Back to topic The one XD I had was the compact 9mm. It was a good shooter. If I was asked about the choice between the XD and about any other Tupperware gun I'd say the XD would be the way to go. They just seem to fit the hand better. I'm sure the bore axis is bad or something :smt082 All I know is they seem to be able to take a lot of crap and still geep on keepin on:smt023


----------



## Todd (Jul 3, 2006)

GunConvert said:


> Tomorrow im going to a gun show where i know I'll be able to find just about anything for a good price (better then store prices at least).


I wouldn't count on that. Many vendors at gun shows prey exactly on that mentality and have the same, if not higher, prices than your local shop. People buy from them assuming that since it's a gun show they are automatically getting a good deal, which is not the case. Especially in these times of panic buying where supply is low and demand is high. Do your homework and find out what you should expect to pay locally and on-line before you go to the show. If you find out you can get the same price locally, buy from the local guy. You're supporting your local economy, you have a place to bring the gun back to if there is a problem, and you're building a relationship where you may get better deals on future purchases.


----------



## johndl58 (Jan 30, 2009)

Todd is on the money with his post about gunshow prices. Know what stuff costs and dont get caught up in all the excitement of so many gun s in one place.


----------



## GunConvert (Feb 26, 2009)

GunConvert said:


> Also if I could combine two posts into one:mrgreen:.....
> 
> Is there anyone out there that can give some thoughts or comparison of the Glock 26 to the XD9 sub...the cost is the same for these two pistols so obviously no one pistol has the "cost" advantage...
> 
> Thanks!


I'm back from the Gun Show and I did walk out with something. I'm sorry to say that it was niether the Glock nor the Springfield :smt022 Let me just tell you that both of those pistols were going for 100-150 above average retail. I'm talkin' 675-690 for a glock (before taxes and fees). I wound up getting my third choice which was a Taurus PT111 mil pro. I'm gonna test drive it for a few months and if its up to par I'll start carrying it and if its not...well then the search continues lol. Just thought I'd let yall know.


----------



## babs (Nov 30, 2007)

Taurus's can be a great value in their price-point. If you latch onto a good one, all the better.. Folks complain about their customer svc but I have no opinion on it as I've never owned one. But you'll know once you get some range time with your new Taurus. Good luck. I wouldn't mind having one of their wheel-guns actually.. A nice ..38/.357 7-shot maybe.


----------



## GunConvert (Feb 26, 2009)

babs said:


> Taurus's can be a great value in their price-point. If you latch onto a good one, all the better.. Folks complain about their customer svc but I have no opinion on it as I've never owned one. But you'll know once you get some range time with your new Taurus. Good luck. I wouldn't mind having one of their wheel-guns actually.. A nice ..38/.357 7-shot maybe.

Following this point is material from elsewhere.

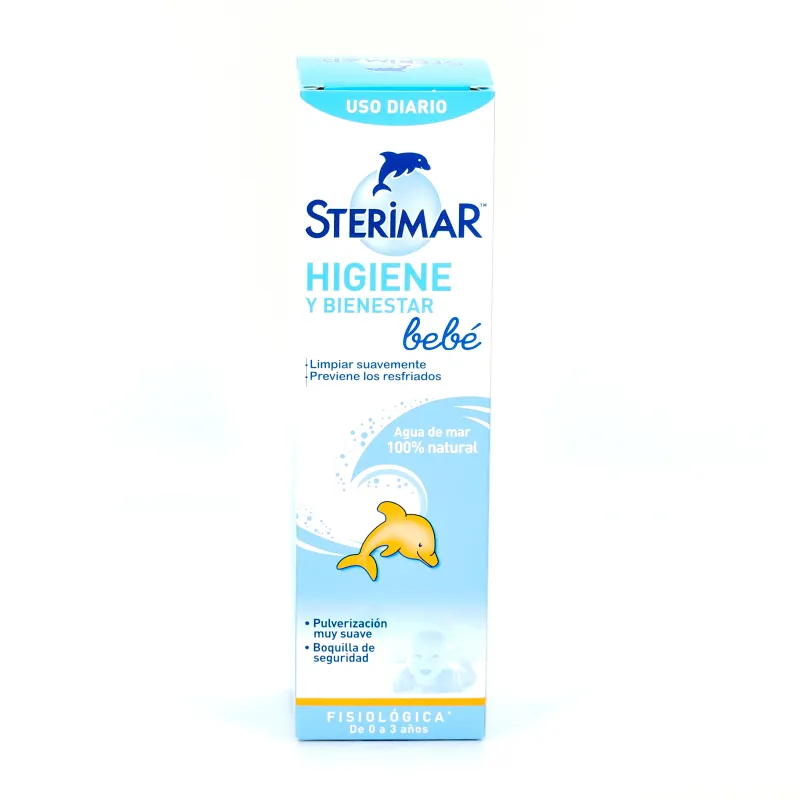 Sterimar Higiene y bienestar bebé agua de mar es un spray natural que ayuda a aliviar la congestión nasal y los síntomas respiratorios en niños desde 0 a 3 años de edad.

One of my dearest friends is a whole hearted taurus supporter because of thier revolvers. I think he owns 4 of them! I've had the pleasure to shot his .38 and a .357 both were a dream a shoot smooth trigger and excellent cylinder function.


----------



## Biggun Stump (Feb 22, 2009)

I've been carrying a G26 for about 2 years now. With the Pierce finger rest added to the mag it fits my hand pretty well. VERY reliable and that's just what I want in a carry piece.

However....

I bought an XD9SC the other day and there just may be a new carry gun on my hip. I've only had the chance to put a few rounds down range but I was VERY impressed with how the gun felt in my hand using the 16 round mag. It also seemed to me the recoil was a little less.

Need to shoot it a while to see about reliability. If I'm as confident of the XDs functioning as I am of the Glocks I'll definately be carrying it.


----------